Capability-building partnership
By structuring our projects as partnerships with our clients, we ensure that we have the opportunity to build our clients’ capability while getting the work done.
Collabforge typically has more involvement in project delivery at the outset, while moving toward a support role as client capability builds and the project progresses.
We combine project delivery and capability-building through two key strategies:
Dedicated Project Team: Our clients resource participation in a Project Team that drives the collaborative process as it scales. Collabforge also participates as part of this team. We focus on building your capability through introducing new collaborative processes and technologies that support delivery, while preparing you to lead the process into the future.
Collaborative Work Sessions: The Project Team’s primary mode of interaction is in targeted work sessions, which are focused on delivering project outcomes and outputs. This simply means sitting together, and instead of talking about doing the work and then breaking out and actioning it independently, we actually do the work collaboratively. This practical, action learning approach provides opportunities to transfer both collaboration and subject matter capability.

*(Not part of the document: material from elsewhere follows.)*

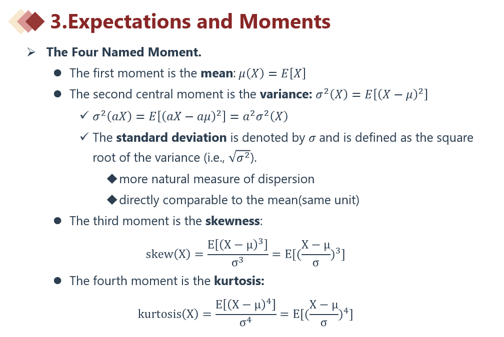 同学你好。1. 可通过按发生概率对变量的取值取加权平均得到:90*40%+100*50%+110*10%=97。2. 有的,见基础课课件第29页。

Scaling the collaborative process
As the number of collaborators, urgency or intensity increases, the risk of collaboration failure also increases. New participants bring different ways of thinking, talking and working, as well as visions and values that may not be well aligned. We call this the introduction of dissonance.

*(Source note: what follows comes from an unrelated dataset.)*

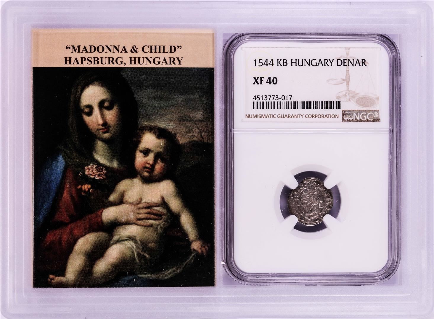 One 1544 KB Hungary Denar 'Madonna and Child' Coin NGC XF40 With Story Box. NGC Certified.

Dissonance is healthy part of the process and signifies increasing the diversity of knowledge and perspectives. The success of a collaborative process is determined by how effectively it resolves this dissonance, while generating increased engagement, quality of outcome and project momentum.
Resolving dissonance is fundamentally about generating strategic alignment. Shared understanding, vision, outcomes and plans all foster consonance - the opposite of dissonance - within the participant group. When people arrive at consonance around a strategy, it enables work to be distributed, enabling progress even while participants are not working together directly.

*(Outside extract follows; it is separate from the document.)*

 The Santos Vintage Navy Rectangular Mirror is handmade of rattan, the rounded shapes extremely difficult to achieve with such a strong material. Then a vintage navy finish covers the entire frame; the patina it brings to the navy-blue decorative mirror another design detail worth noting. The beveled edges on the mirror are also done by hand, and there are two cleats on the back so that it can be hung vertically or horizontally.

Effectively welcoming, engaging and resolving dissonance when it arises, in order to maintain overall consonance within the group at any given time, provides the foundations upon which collaboration can scale.
Maintaining project momentum while bringing participants into consonance is most reliably achieved through a cyclical approach. This allows the group to learn-by-doing in incremental steps, while measuring their success and identifying and resolving the sources of dissonance as they go.
Part of Collabforge methodology is representing strategic alignment of the participant group in a shared Strategy Document. This should include key elements such as background, visions, outcomes, and plans that inform product delivery. The Strategy Document also includes an Evaluation Framework, which is used to measure the results of each cycle, as well as the project as a whole.
A routine approach to evaluating project progress helps the Project Team build momentum by reinvesting in what’s working, and killing off what’s not. The level of clarity and transparency enabled by this approach also facilitates the induction of new participants, who will be more empowered to understand where the project has come from and where it intends to go.
Our experience has shown that this approach is essential to motivate and align participants throughout an initiative, greatly improving the likelihood of achieving the project's vision.